Somos o estado mais envelhecido do país. E não vamos “parar de envelhecer”, ao contrário. Este é um tipo de equipamento que precisamos construir em nossos municípios. Eu não gosto, mas acho necessário ser aquela pessoa chata que anuncia a tormenta: o nosso futuro é cada vez mais velho e com velhos cada vez mais vulneráveis. Quais gestores públicos irão trabalhar, finalmente, nesse sentido?
Números finais
Após 92 dias de existência, dia 30 de agosto, entregaremos o prédio vazio ao seu proprietário que generosamente nos emprestou, e ainda estamos realizando levantamento de muitos números e resultados deste período, mas já temos alguns preliminares que compartilho abaixo:
- Acolhemos 61 pessoas ao todo. Destes, com a ajuda de voluntários, doadores, madrinhas e padrinhos, 42 foram encaminhados para suas casas ou de familiares, com mobília, TV, geladeira, fogão, utensílios de cozinha, conjuntos de cama, mesa, banho, roupas, itens de higiene, limpeza, cestas básicas e, quando necessário, camas hospitalares, andadores, cadeiras de roda e de banho. Dez foram encaminhados para Instituições de Longa Permanência para Idosos – ILPI e cinco para Centro Humanitários de Atendimento – CHA, dois estão em hospitais, todos também com “kits boa sorte” específicos. Dois faleceram por conta de comorbidades já existentes.
- Na estrutura do prédio de quatro andares, com elevador, utilizamos 40 camas hospitalares, oferecidas pela Fundação Asilo Padre Cacique, com colchões doados pelo Colégio Farroupilha.
- Ao longo dos três meses, contamos com o trabalho de 250 voluntários, em 2.020 horas de voluntariado ao todo.

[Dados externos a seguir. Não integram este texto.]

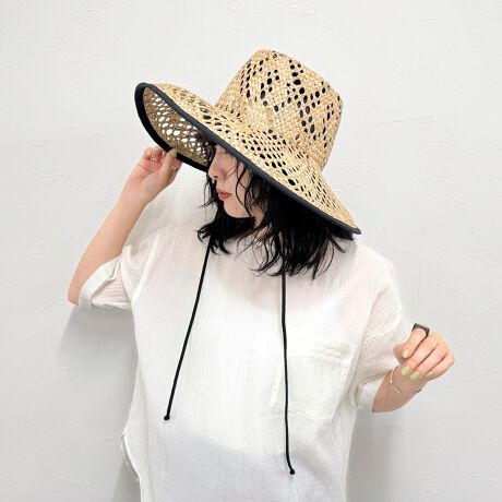 ・深めのフォルムがカジュアルになりがちな麦わら帽子に洗練された印象をプラス

- Captamos em doações de pessoas físicas e jurídicas de R$ 156.019,94 reais em dinheiro utilizados para pagamento de equipe de saúde, equipe de limpeza, vigilância, aquisição de medicamentos, transporte de abrigados, voluntários e fretes.
- Utilizamos:
- 4.600 fraldas.
- 10.800 marmitas.
- 1,9 toneladas de roupas lavadas no Hospital Vila Nova, um dos nossos parceiros.
Do orgulho
Desde o nosso nascimento, norteamos nosso serviço humanitário pelos princípios do cuidado, do respeito à pessoa idosa, seu protagonismo e autonomia, garantindo seus direitos à saúde física, mental, social e espiritual e é com o orgulho desse dever cumprido que com alegria e agora, já com a dor da saudade, olho as salas vazias, sem gente e sem móveis, em absoluto silêncio. Agradeço a tudo o que contribui para este feito, a cada pessoa com quem me relacionei, cada minuto que passei, as muitas lágrimas que derramei dos mais variados tipos de emoção. Essa experiência transformou a minha vida.